In another preferred embodiment, the stroke severity ranking described in said step 3 is modified Ranking Scale (mRS); in said modified stroke severity ranking, classifies less than 3 points as good outcome, greater than 3 points as bad outcome.

Wherein the approach for ranking stroke severity described in step 3 is only a preferred illustration, not to limit the implementation and scope of the invention, and other suitable ranking approach may be used instead. Therefore, according to the foregoing, when a ischemic stroke patient is diagnosed as middle or middle-high or bad outcome patient at the initial stage, as lower concentration of granulocyte colony-stimulating factor (G-CSF) is determined in the isolated blood sample, it can be expected that a better cure level of the patient can be obtained, and this indicates better prognosis; on the contrary, when a ischemic stroke patient is diagnosed as a middle or middle-high or bad outcome patient at initial stage, and higher concentration of granulocyte colony-stimulating factor (G-CSF) is determined in the isolated blood sample, it can be expected that a worse cure level of said patient may be obtained, and this indicates worse prognosis.

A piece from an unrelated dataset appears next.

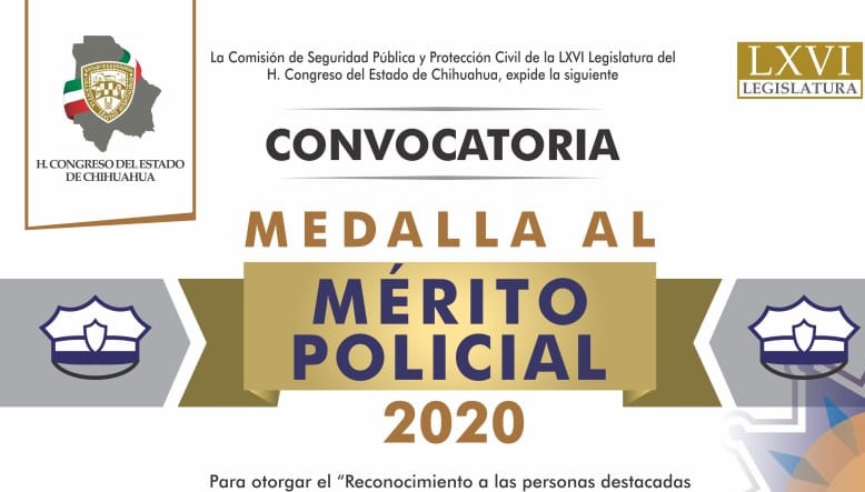 La Comisión de Seguridad Pública y Protección Civil de la Sexagésima Sexta Legislatura del Congreso del Estado, amplió la fecha límite de inscripción para los participantes en la Convocatoria a la Medalla al Mérito Policial en su edición 2020, al 30 de junio del presente año, dado a las condiciones que en la actualidad se presentan por la contingencia provocada por el COVID-19.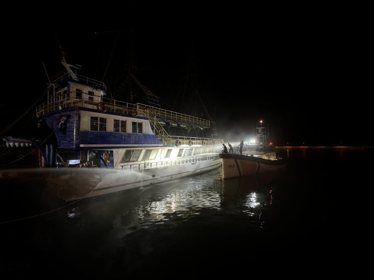İhbar üzerine bölgeye gelen sahil güvenlik ile itfaiye ekiplerinin karadan ve denizden müdahalesiyle yangın söndürüldü.

Accordingly, the prognosis biomarker and the method for evaluating cure level of a stroke patient in using the concentration of granulocyte colony-stimulating factor (G-CSF) as said biomarker in the isolated blood sample of the stroke patient, and then using said concentration of granulocyte colony-stimulating factor (G-CSF) to predict the possible cure level of the patient; wherein said concentration of granulocyte colony-stimulating factor (G-CSF) is in inverse proportion to the cure level of a stroke patient.

The invention provides further a kit containing the prognosis biomarker for evaluating the cure level of a stroke patient. Wherein the kit comprising suitable agents to practice the method according to this invention.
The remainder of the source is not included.